Here, we define an utility to plot our model regression results as a heatmap.

```
function plot_contour(model, npoints = 300)
grid_points = zeros(2, npoints ^ 2)
idx = 1
x = range(-4.0, 4.0, length = npoints)
y = range(-4.0, 4.0, length = npoints)
for x1 in x, x2 in y
grid_points[:, idx] .= [x1, x2]
idx += 1
end
sol = reshape(model(grid_points |> gpu), npoints, npoints) |> cpu
return contour(x, y, sol, fill = true, linewidth=0.0)
end
```

## Training Parameters

### Loss Functions

We use the L2 distance between the model prediction `model(x)`

and the actual prediction `y`

as the optimization objective.

`loss_node(x, y) = mean((model(x) .- y) .^ 2)`

### Dataset

Next, we generate the dataset. We restrict ourselves to 2 dimensions as it is easy to visualize. We sample a total of `4000`

data points.

`dataloader = concentric_sphere(2, (0.0, 2.0), (3.0, 4.0), 2000, 2000; batch_size = 256)`

### Callback Function

Additionally we define a callback function which displays the total loss at specific intervals.

```
cb = function()
global iter += 1
if iter % 10 == 1
println("Iteration $iter || Loss = $(loss_node(dataloader.data[1], dataloader.data[2]))")
end
end
```

### Optimizer

We use ADAM as the optimizer with a learning rate of 0.005

`opt = ADAM(0.005)`

## Training the Neural ODE

To train our neural ode model, we need to pass the appropriate learnable parameters, `parameters`

which is returned by the `construct_models`

function. It is simply the `node.p`

vector. We then train our model for `20`

epochs.

```
model, parameters = construct_model(1, 2, 64, 0)
for _ in 1:10
Flux.train!(loss_node, Flux.params([model, parameters]), dataloader, opt, cb = cb)
end
```

Here is what the contour plot should look for Neural ODE. Notice that the regression is not perfect due to the thin artifact which connects the circles.

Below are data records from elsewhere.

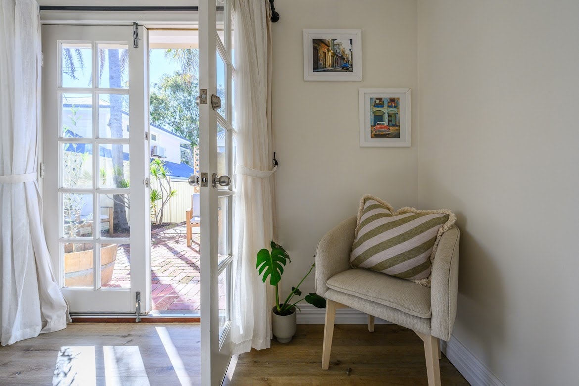Anneka and Brad's cottage is a classic Fremantle gem nestled within a walled limestone garden. Surrounded by mature shady trees, this beautiful and light standalone cottage is the perfect getaway in the heart of South Fremantle. All of the materials from this cottage have been carefully sourced from the local area. With a mix of limestone, baltic pine and jarrah floorboards, this unique stay is the perfect place to rest after a day of exploring the local cafes, restaurants and beaches nearby.
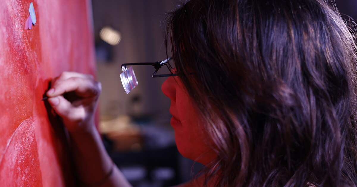 This is me cleaning Red Cannas using a quill and magnifying lenses.
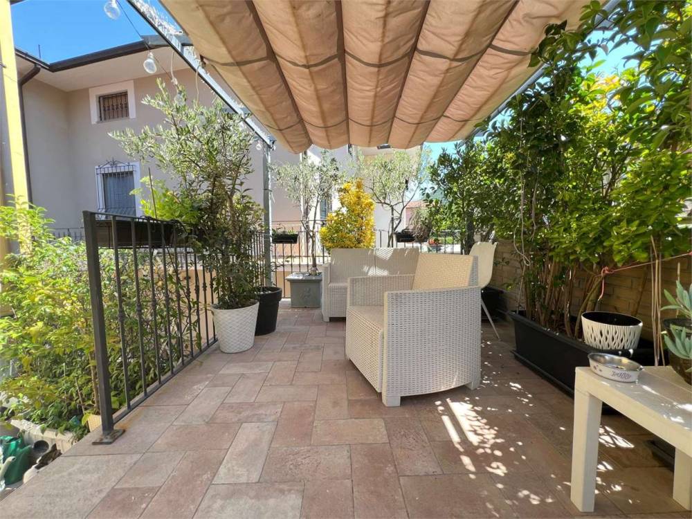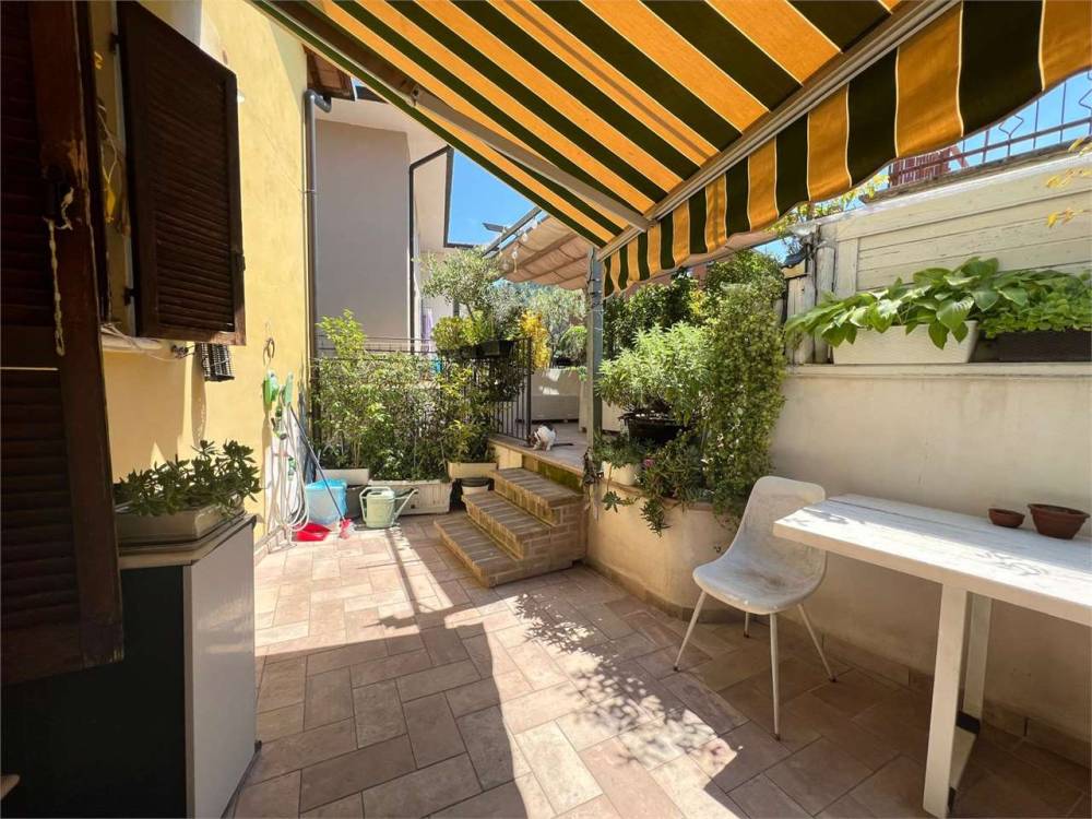 Piano Secondo: salotto, camera matrimoniale con cabina armadio, seconda camera matrimoniale, bagno e terrazzo dotato di tenda solare elettrica.

## Training the Augmented Neural ODE

Our training configuration will be same as that of Neural ODE. Only in this case we have augmented the input with a single zero. This makes the problem 3 dimensional and as such it is possible to find a function which can be expressed by the neural ode. For more details and proofs please refer to [1].

```
model, parameters = construct_model(1, 2, 64, 1)
for _ in 1:10
Flux.train!(loss_node, Flux.params([model, parameters]), dataloader, opt, cb = cb)
end
```

For the augmented Neural ODE we notice that the artifact is gone.

# Expected Output

```
Generating Dataset
Training Neural ODE
Iteration 10 || Loss = 0.9802582
Iteration 20 || Loss = 0.6727416
Iteration 30 || Loss = 0.5862373
Iteration 40 || Loss = 0.5278132
Iteration 50 || Loss = 0.4867624
Iteration 60 || Loss = 0.41630346
Iteration 70 || Loss = 0.3325938
Iteration 80 || Loss = 0.28235924
Iteration 90 || Loss = 0.24069068
Iteration 100 || Loss = 0.20503852
Iteration 110 || Loss = 0.17608969
Iteration 120 || Loss = 0.1491399
Iteration 130 || Loss = 0.12711425
Iteration 140 || Loss = 0.10686825
Iteration 150 || Loss = 0.089558244
Training Augmented Neural ODE
Iteration 10 || Loss = 1.3911372
Iteration 20 || Loss = 0.7694144
Iteration 30 || Loss = 0.5639633
Iteration 40 || Loss = 0.33187616
Iteration 50 || Loss = 0.14787851
Iteration 60 || Loss = 0.094676435
Iteration 70 || Loss = 0.07363529
Iteration 80 || Loss = 0.060333826
Iteration 90 || Loss = 0.04998395
Iteration 100 || Loss = 0.044843454
Iteration 110 || Loss = 0.042587914
Iteration 120 || Loss = 0.042706195
Iteration 130 || Loss = 0.040252227
Iteration 140 || Loss = 0.037686247
Iteration 150 || Loss = 0.036247417
```

# References

[1] Dupont, Emilien, Arnaud Doucet, and Yee Whye Teh. "Augmented neural ODEs." In Proceedings of the 33rd International Conference on Neural Information Processing Systems, pp. 3140-3150. 2019.